HOW TO COMPLETE THIS TASK: Beginning with the line that contains "Bring this Eye-feasting", restate each line below through the final one exactly, and exclude the pictures.

--- EXERCISE DATA Enclosed Below ---

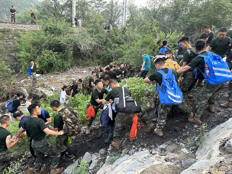2023年8月2日,武警北京总队机动第三支队官兵徒步进山帮助滞留旅客转运。
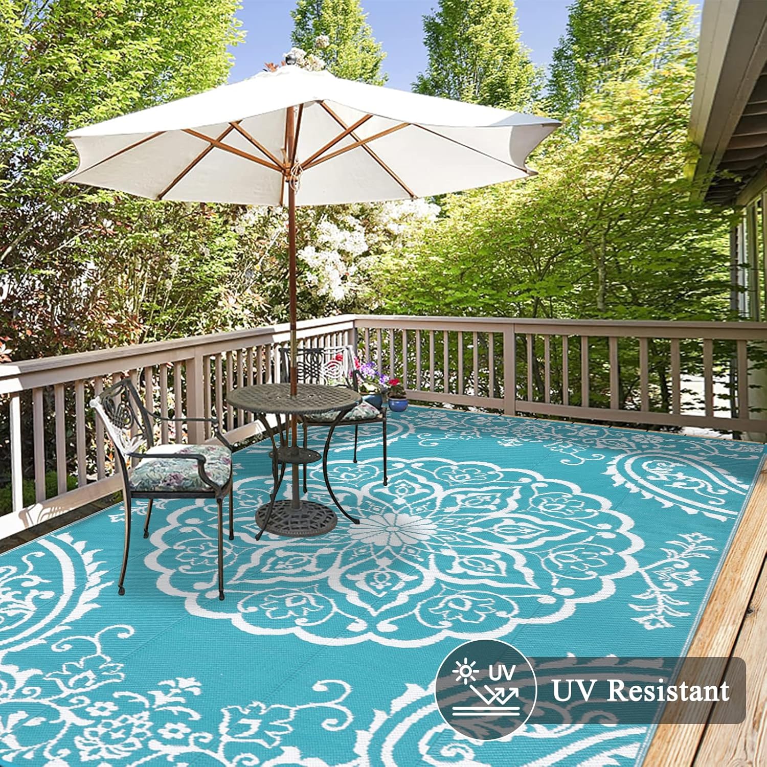 - Premium Quality: This outdoor patio rug is made of upgraded recyclable polypropylene material, which makes this outdoor carpet more durable, waterproof and no fading. UV coated for long lasting colors and heat treated edge to avoid fraying
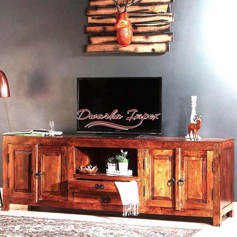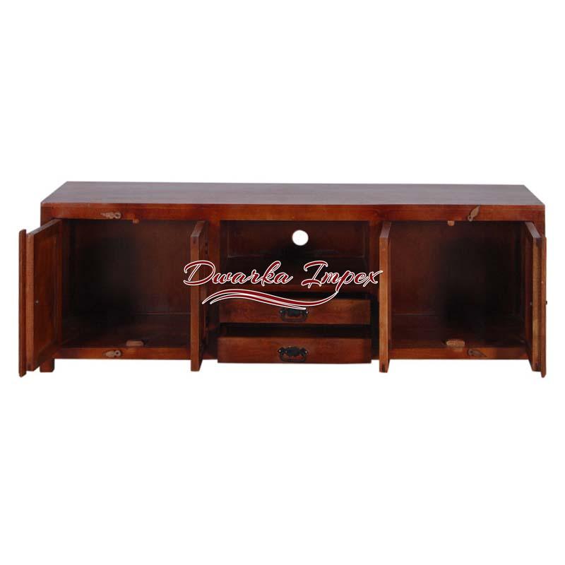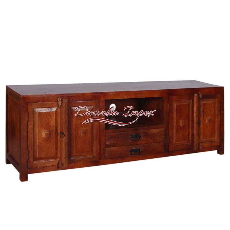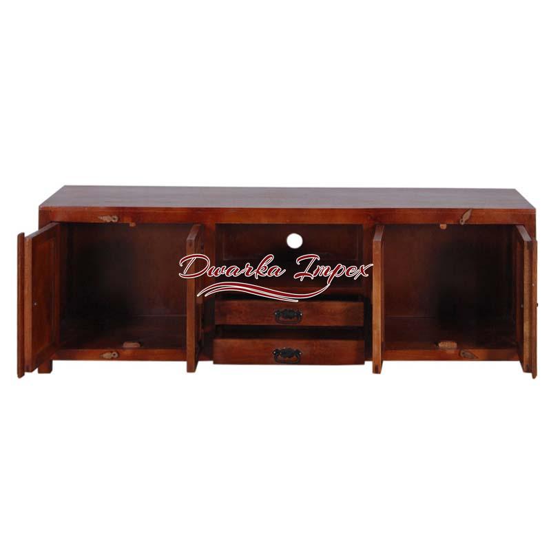 Bring this Eye-feasting Royal Wooden Entertainment Unit home and rekindle the overall look of your home. It is made of quality wood, and decorated with superior wood finish. It comes with four cabinets, two drawers and one open shelf to accommodate TV accessories and decorative items.
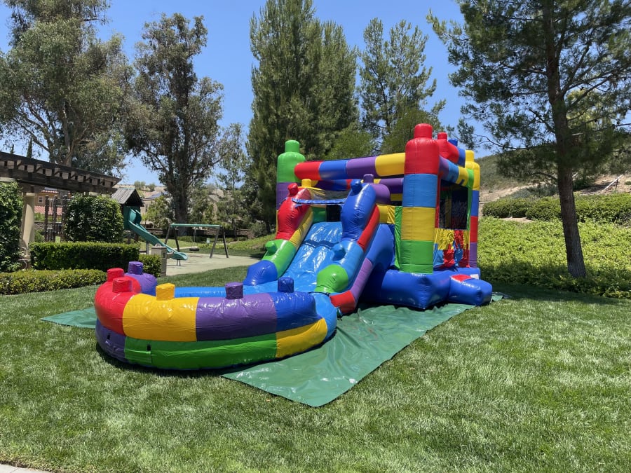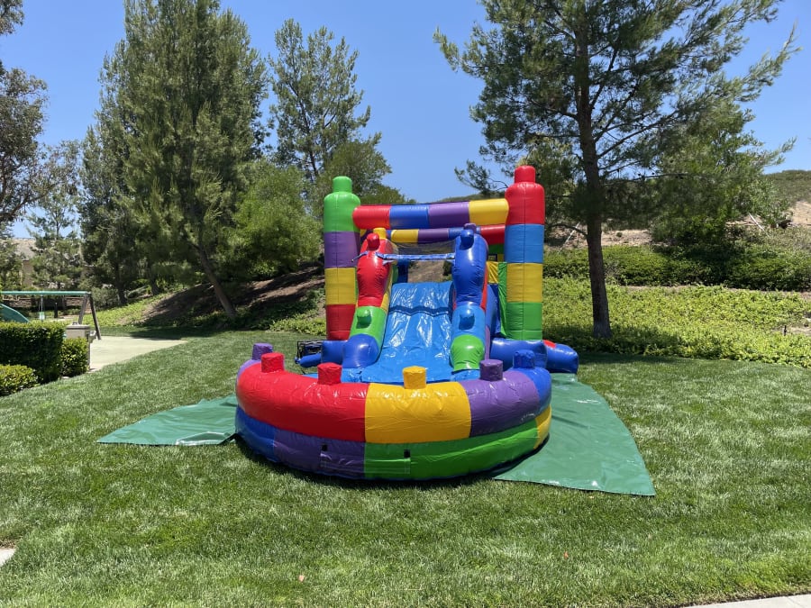 Always use ground stakes and the included tie down straps to secure the waterslide to the ground. Additional securing methods such as sandbags may be required depending on the set up area.
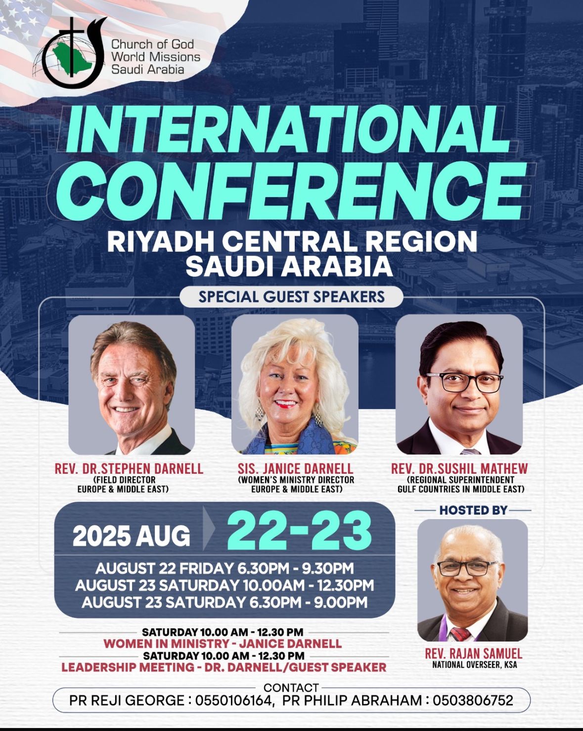 റിയാദ് : ചർച്ച് ഓഫ് ഗോഡ് വേൾഡ് മിഷൻസ് – സൗദി അറേബ്യ സെൻട്രൽ റീജിയണിന്റെ നേതൃത്വത്തിൽ 2025 ആഗസ്റ്റ് 22 മുതൽ 23 വരെ റിയാദിൽ അന്താരാഷ്ട്ര ക്രിസ്തീയ സമ്മേളനം നടക്കുന്നു. പ്രസിദ്ധരായ സുവിശേഷ പ്രസംഗകരുടെ നേതൃത്വം ഈ സമ്മേളനത്തിന് മാറ്റ് കൂട്ടുന്നു:
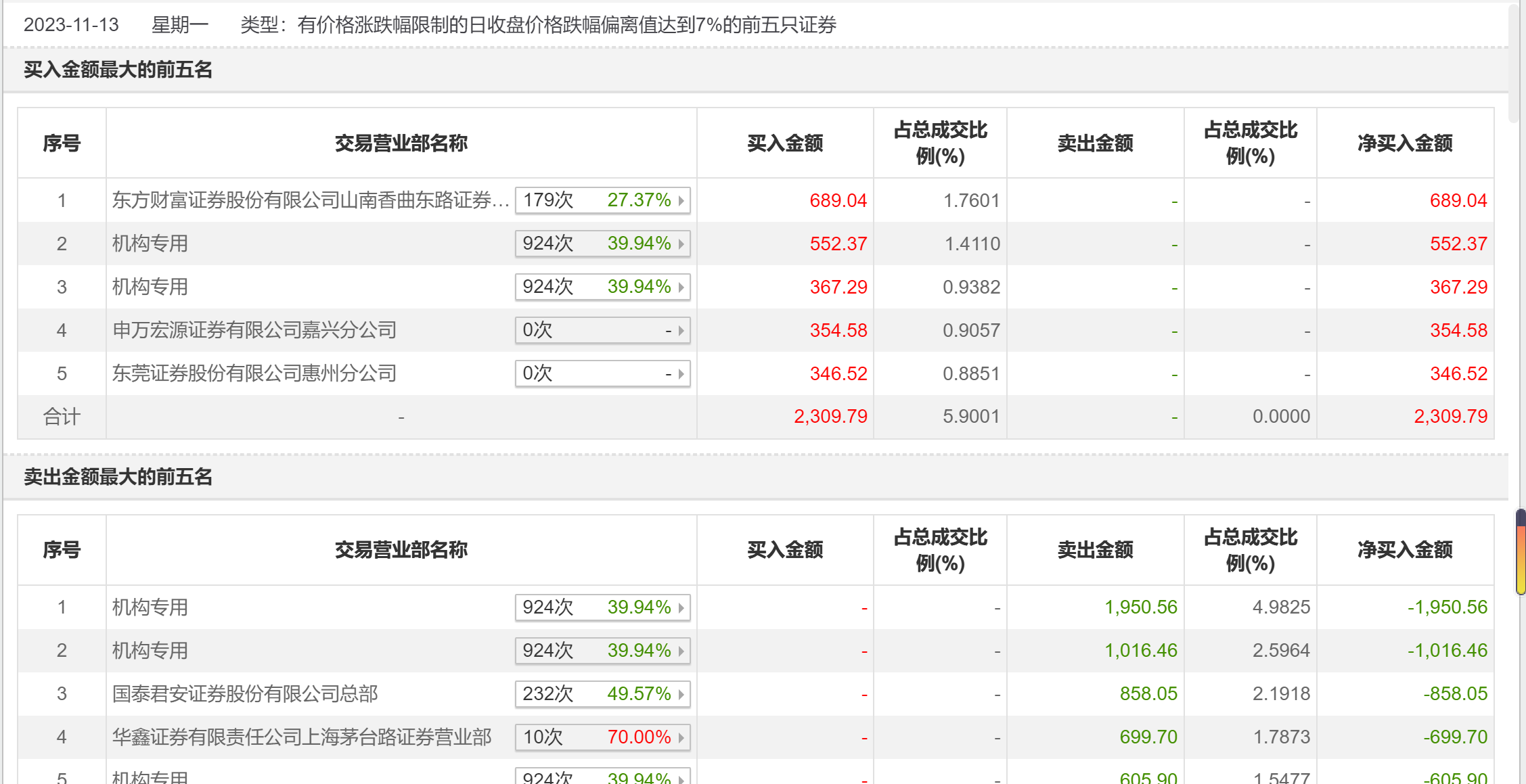 具体来看,机构买入919.66万元,卖出3572.92万元,合计净卖出2653.26万元。此外,知名游资现身龙虎榜,国泰君安证券总部、炒股养家(华鑫证券上海茅台路证券营业部)分别卖出858.05万元、699.70万元;东方财富证券山南香曲东路证券营业部、申万宏源证券有限公司嘉兴分公司分别买入689.04万元、354.58万元。

--- End of Enclosed EXERCISE DATA ---

WRITTEN ANSWER:
 Bring this Eye-feasting Royal Wooden Entertainment Unit home and rekindle the overall look of your home. It is made of quality wood, and decorated with superior wood finish. It comes with four cabinets, two drawers and one open shelf to accommodate TV accessories and decorative items.
 Always use ground stakes and the included tie down straps to secure the waterslide to the ground. Additional securing methods such as sandbags may be required depending on the set up area.
 റിയാദ് : ചർച്ച് ഓഫ് ഗോഡ് വേൾഡ് മിഷൻസ് – സൗദി അറേബ്യ സെൻട്രൽ റീജിയണിന്റെ നേതൃത്വത്തിൽ 2025 ആഗസ്റ്റ് 22 മുതൽ 23 വരെ റിയാദിൽ അന്താരാഷ്ട്ര ക്രിസ്തീയ സമ്മേളനം നടക്കുന്നു. പ്രസിദ്ധരായ സുവിശേഷ പ്രസംഗകരുടെ നേതൃത്വം ഈ സമ്മേളനത്തിന് മാറ്റ് കൂട്ടുന്നു:
 具体来看,机构买入919.66万元,卖出3572.92万元,合计净卖出2653.26万元。此外,知名游资现身龙虎榜,国泰君安证券总部、炒股养家(华鑫证券上海茅台路证券营业部)分别卖出858.05万元、699.70万元;东方财富证券山南香曲东路证券营业部、申万宏源证券有限公司嘉兴分公司分别买入689.04万元、354.58万元。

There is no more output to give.